Employers outside of farming added 271,000 jobs in October and the jobless rate fell to five per cent, a 7-1/2-year low, according to a Labor Department report released on Friday.
With Fed officials already saying they don't want or expect the jobless rate to fall much further, it would likely take a devastating blow in the November hiring data or mayhem in financial markets for the majority of policymakers to give up on their expectation of a hike at their Dec. 15-16 policy meeting.
"The natural expectation is for the pace of job growth to slow in the months and quarters ahead. We are expecting that to happen," St. Louis Federal Reserve Bank President James Bullard told Reuters ahead of the report on Thursday. "I don't think markets have absorbed this."
On Friday, investors raised bets the Fed would lift rates next month, with futures markets implying a 72 per cent chance of liftoff, up from 58 per cent a day earlier.
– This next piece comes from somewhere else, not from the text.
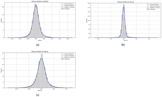 The results indicate that the Student’s t mixture model provided the best fit across the three analyzed stocks—Naspers, Sasol, and Standard Bank—based on AIC and BIC values. This suggests that the heavy-tailed nature of stock returns, particularly during divestment-induced market disruptions, is best modeled using Student’s t distributions [17,18]. This aligns with previous research highlighting the importance of accounting for extreme negative returns and tail dependencies in financial modeling [19].

Prior to Friday's jobs report, private economists said job gains above 150,000 in October and November could be enough for the central bank to hike in December.
October's job growth was well above average compared to the last two years and also much higher than what many U.S. central bankers say is needed to reduce unemployment.
A range of research at the central bank suggests that even monthly job growth around 100,000 could be enough for policymakers to move ahead with a rate hike if other signals on the economy's health don't flash warning signs.
Last month, Atlanta Fed President Dennis Lockhart said more than 100,000 new jobs a month was enough to outpace population growth and lower joblessness.
Bullard on Thursday pinned the number between 100,000 and 125,000, while Cleveland Fed President Loretta Mester has said it's between 70,000 and 120,000.
These numbers are considerably lower than was normal in past decades because the U.S. population is becoming increasingly elderly. America saw a bulge in births just after World War Two and that generation is now retiring in droves, slowing growth in the workforce.
The 2007-09 recession put millions of workers out of work and it has taken around 200,000 new jobs a month since 2010 to knock a 10 per cent jobless rate in half.
On Wednesday, Fed Chair Janet Yellen described the economy as strong, despite the slower job growth seen in August and September. The poor payrolls growth seen in those months had fueled doubts among investors that the Fed would raise rates this year, even though Yellen has signaled she believed a hike would be appropriate before the year ends.
Central bankers have been saying job creation needs to slow. Already, the median view among Fed policymakers is that an unemployment rate below 4.9 per cent would eventually send inflation above their two per cent target.
"It's not only expected that we are seeing some slowdown," San Francisco Fed President John Williams told reporters in October. "It's consistent, I think, with my overall view" on what is needed for a healthy labor market.